» **What to produce**
From the material below, reproduce exactly the stretch of lines that begins with the line holding "近日,国家发改委价格监测中心" and ends with the line holding "Встраиваемый духовой шкаф", skipping the pictures.

### Dataset entries ###

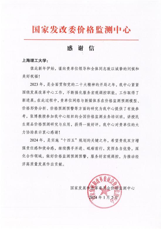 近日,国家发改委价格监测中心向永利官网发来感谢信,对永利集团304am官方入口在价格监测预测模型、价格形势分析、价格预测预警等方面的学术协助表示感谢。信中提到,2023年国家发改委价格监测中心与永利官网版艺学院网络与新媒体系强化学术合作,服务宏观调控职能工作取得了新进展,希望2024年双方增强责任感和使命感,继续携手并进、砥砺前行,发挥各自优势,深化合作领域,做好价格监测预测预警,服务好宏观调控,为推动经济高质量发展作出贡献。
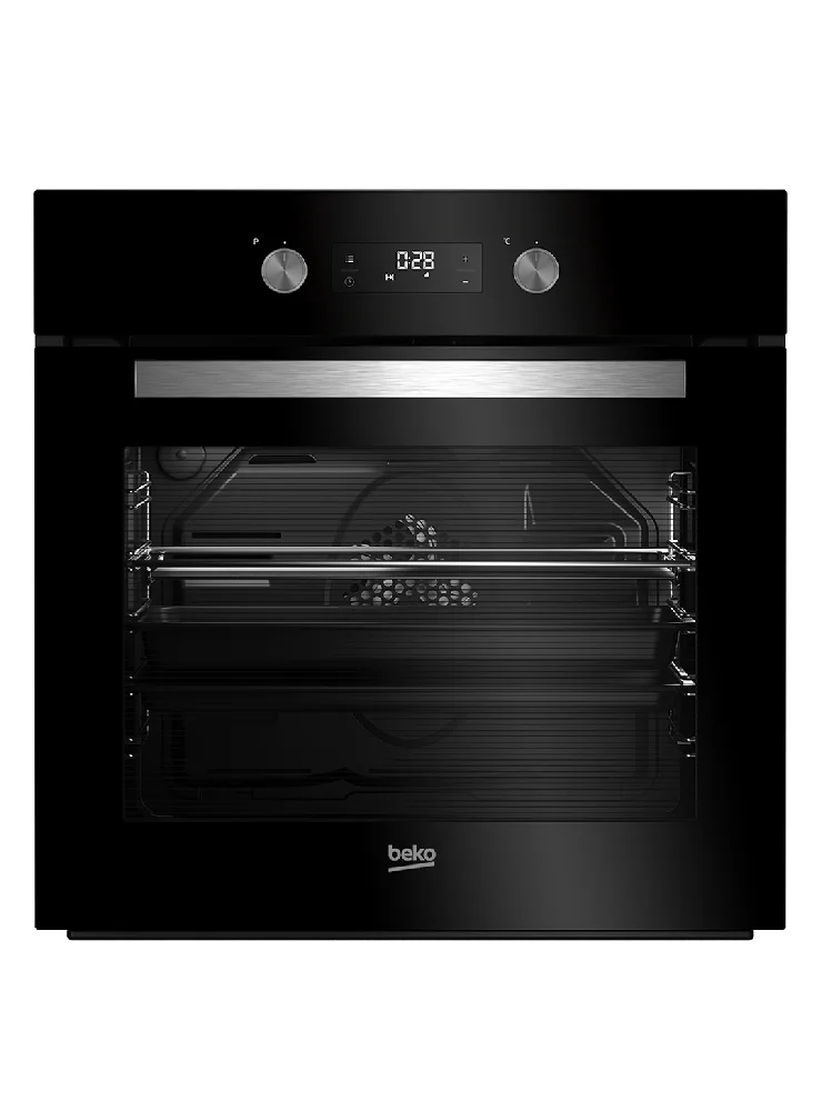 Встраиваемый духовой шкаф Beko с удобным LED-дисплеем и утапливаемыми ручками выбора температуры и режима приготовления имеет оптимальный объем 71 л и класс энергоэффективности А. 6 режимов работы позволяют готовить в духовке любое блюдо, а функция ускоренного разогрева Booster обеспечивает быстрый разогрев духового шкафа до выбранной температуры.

###
### Dataset entries ###

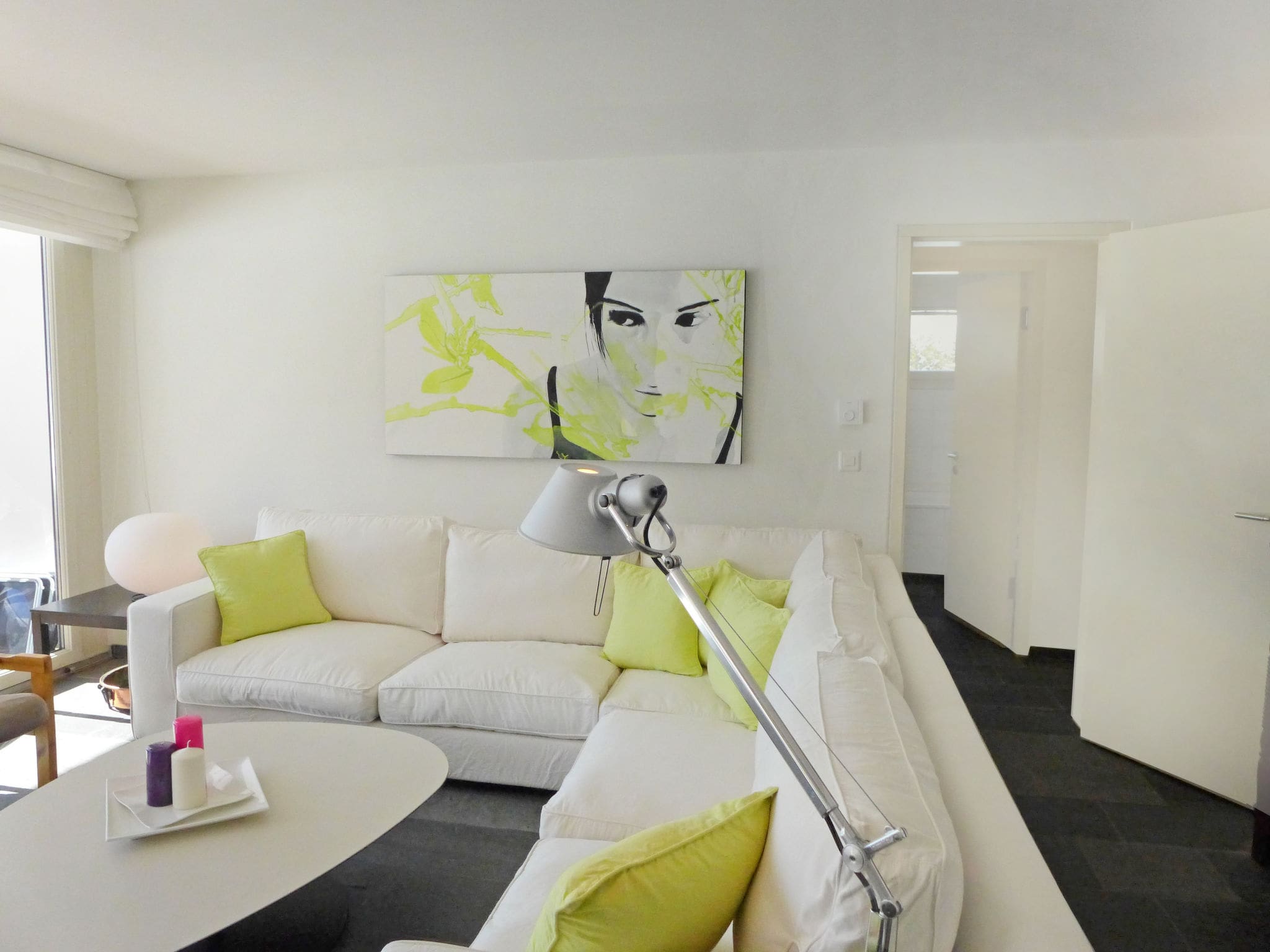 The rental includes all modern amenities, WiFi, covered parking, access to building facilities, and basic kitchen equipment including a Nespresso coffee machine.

###
### Dataset entries ###

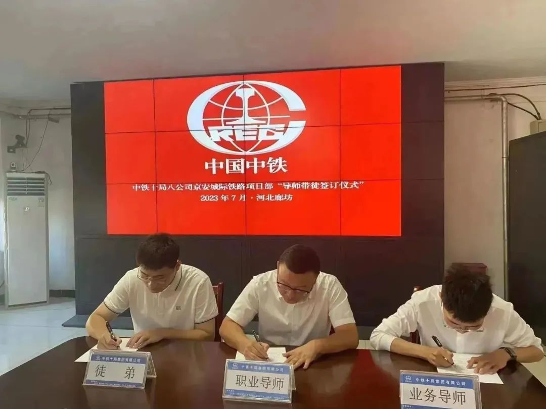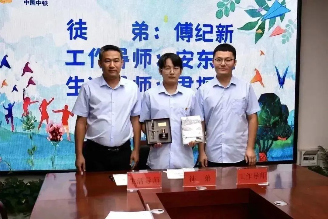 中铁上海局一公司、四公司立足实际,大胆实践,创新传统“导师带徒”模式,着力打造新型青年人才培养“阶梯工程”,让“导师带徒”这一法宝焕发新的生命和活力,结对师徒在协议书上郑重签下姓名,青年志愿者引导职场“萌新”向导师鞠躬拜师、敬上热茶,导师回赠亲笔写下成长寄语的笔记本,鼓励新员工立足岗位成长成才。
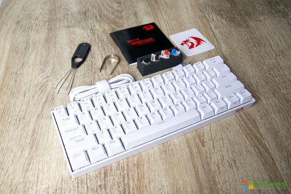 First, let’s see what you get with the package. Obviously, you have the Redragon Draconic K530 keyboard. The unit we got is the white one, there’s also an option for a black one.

###

» **Completed exercise**
 近日,国家发改委价格监测中心向永利官网发来感谢信,对永利集团304am官方入口在价格监测预测模型、价格形势分析、价格预测预警等方面的学术协助表示感谢。信中提到,2023年国家发改委价格监测中心与永利官网版艺学院网络与新媒体系强化学术合作,服务宏观调控职能工作取得了新进展,希望2024年双方增强责任感和使命感,继续携手并进、砥砺前行,发挥各自优势,深化合作领域,做好价格监测预测预警,服务好宏观调控,为推动经济高质量发展作出贡献。
 Встраиваемый духовой шкаф Beko с удобным LED-дисплеем и утапливаемыми ручками выбора температуры и режима приготовления имеет оптимальный объем 71 л и класс энергоэффективности А. 6 режимов работы позволяют готовить в духовке любое блюдо, а функция ускоренного разогрева Booster обеспечивает быстрый разогрев духового шкафа до выбранной температуры.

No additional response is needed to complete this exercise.